Samuel Samuel - 3 months ago 6
Scala Question

Scala - Batched Stream from Futures

I have instances of a case class

Thing
, and I have a bunch of queries to run that return a collection of
Thing
s like so:

def queries: Seq[Future[Seq[Thing]]]


I need to collect all
Thing
s from all futures (like above) and group them into equally sized collections of 10,000 so they can be serialized to files of 10,000
Thing
s.

def serializeThings(Seq[Thing]): Future[Unit]

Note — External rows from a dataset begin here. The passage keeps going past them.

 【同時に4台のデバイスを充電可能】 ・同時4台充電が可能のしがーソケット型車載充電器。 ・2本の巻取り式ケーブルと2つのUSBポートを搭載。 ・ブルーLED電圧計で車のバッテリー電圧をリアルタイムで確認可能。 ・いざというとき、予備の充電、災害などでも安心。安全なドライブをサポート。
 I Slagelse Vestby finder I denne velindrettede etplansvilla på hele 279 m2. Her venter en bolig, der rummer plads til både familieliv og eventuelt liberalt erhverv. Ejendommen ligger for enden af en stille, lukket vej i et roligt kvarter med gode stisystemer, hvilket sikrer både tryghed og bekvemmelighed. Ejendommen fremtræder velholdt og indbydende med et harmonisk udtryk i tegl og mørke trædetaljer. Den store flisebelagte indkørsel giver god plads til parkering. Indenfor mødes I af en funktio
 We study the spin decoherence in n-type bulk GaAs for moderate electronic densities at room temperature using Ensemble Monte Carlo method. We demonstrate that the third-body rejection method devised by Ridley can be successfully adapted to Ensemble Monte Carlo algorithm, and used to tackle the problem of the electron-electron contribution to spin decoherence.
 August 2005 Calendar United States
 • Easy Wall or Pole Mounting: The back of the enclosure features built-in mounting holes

I want it to be implemented in such a way that I don't wait for all queries to run before serializing. As soon as there are 10,000
Thing
s returned after the futures of the first queries complete, I want to start serializing.

If I do something like:

Future.sequence(queries)


It will collect the results of all the queries, but my understanding is that operations like
map
won't be invoked until all queries complete and all the
Thing
s must fit into memory at once.

What's the best way to implement a batched stream pipeline using Scala collections and concurrent libraries?

Answer

I think that I managed to make something. The solution is based on my previous answer. It collects results from Future[List[Thing]] results until it reaches a treshold of BatchSize. Then it calls serializeThings future, when it finishes, the loop continues with the rest.

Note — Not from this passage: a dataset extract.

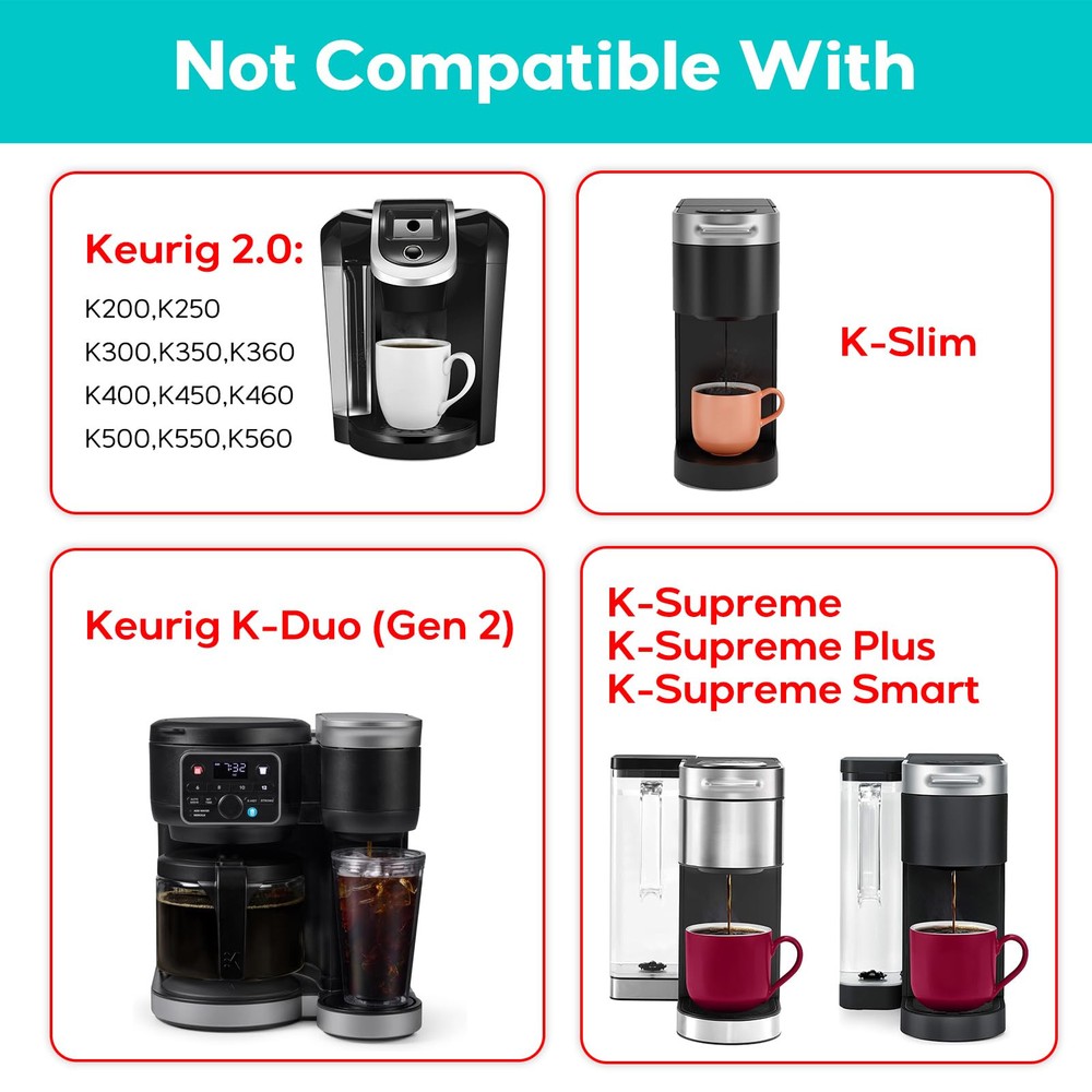 Universal Compatible: k cup reusable coffee pods are compatible with Keurig 1.0 coffee machines, and also work with Keurig K-Classic, K-Elite, K-Latte, K-Cafe, K-Select, K-Compact, and Breville K CUP, Mr. Coffee K CUP, But NOT Compatible with: Keurig 2.0 coffee machine, Keurig K-duo(Gen 2), Keurig K-Supreme/Plus/Smart, K-Slim (See full detailed list picture) Eco-Friendly & Saving Money: K cup coffee pods are made of high-quality stainless steel, recyclable for permanent use and save money, when using k cup coffee pods reusable, you can reduce the use of numerous paper filters and plastic coffee capsules. Contribute to protecting the environment Keep Coffee Flavor: The bottom and side walls of the reusable k cups are 360-degree perforated, allowing water to fully soak the coffee powder, fully retaining the coffee natural oils and flavors, ensuring delicious coffee brewing. The k cups reusable pods are a good helper for coffee lovers Easy To Use & Clean: The reusable coffee filter adopts one-piece design, tightly sealed top cover to prevent coffee overflow during use. Add the desired amount of coffee grounds to the stainless steel k cup coffee pods for each use, simply pour the grounds into the trash after use and clean the reusable k cup filter with water Our Promise To You: We are a US-based company and we care about our customers! If you're not happy, we're not happy. We want you to buy our reusable k cup coffee filters with confidence, We're here to help! please let us know if you experience any problems with our product

object BatchFutures extends App {

  case class Thing(id: Int)

  def getFuture(id: Int): Future[List[Thing]] = {
    Future.successful {
      List.fill(3)(Thing(id))
    }
  }

  def serializeThings(things: Seq[Thing]): Future[Unit] = Future.successful {
    //Thread.sleep(2000)
    println("processing: " + things)
  }

  val ids = (1 to 4).toList
  val BatchSize = 5

  val future = ids.foldLeft(Future.successful[List[Thing]](Nil)) {
    case (acc, id) =>
      acc flatMap { processed =>
        getFuture(id) flatMap { res =>
          val all = processed ++ res
          val (batch, rest) = all.splitAt(5)

          if (batch.length == BatchSize) { // if futures filled the batch with needed amount
            serializeThings(batch) map { _ =>
              rest // process the rest
            }
          } else {
            Future.successful(all) //if we need more Things for a batch
          }
        }
      }
  }.flatMap { rest =>
    serializeThings(rest)
  }

  Await.result(future, Duration.Inf)

}

The result prints:

processing: List(Thing(1), Thing(1), Thing(1), Thing(2), Thing(2))
processing: List(Thing(2), Thing(3), Thing(3), Thing(3), Thing(4))
processing: List(Thing(4), Thing(4))

When the number of Things isn't divisible by BatchSize we have to call serializeThings once more(last flatMap). I hope it helps! :)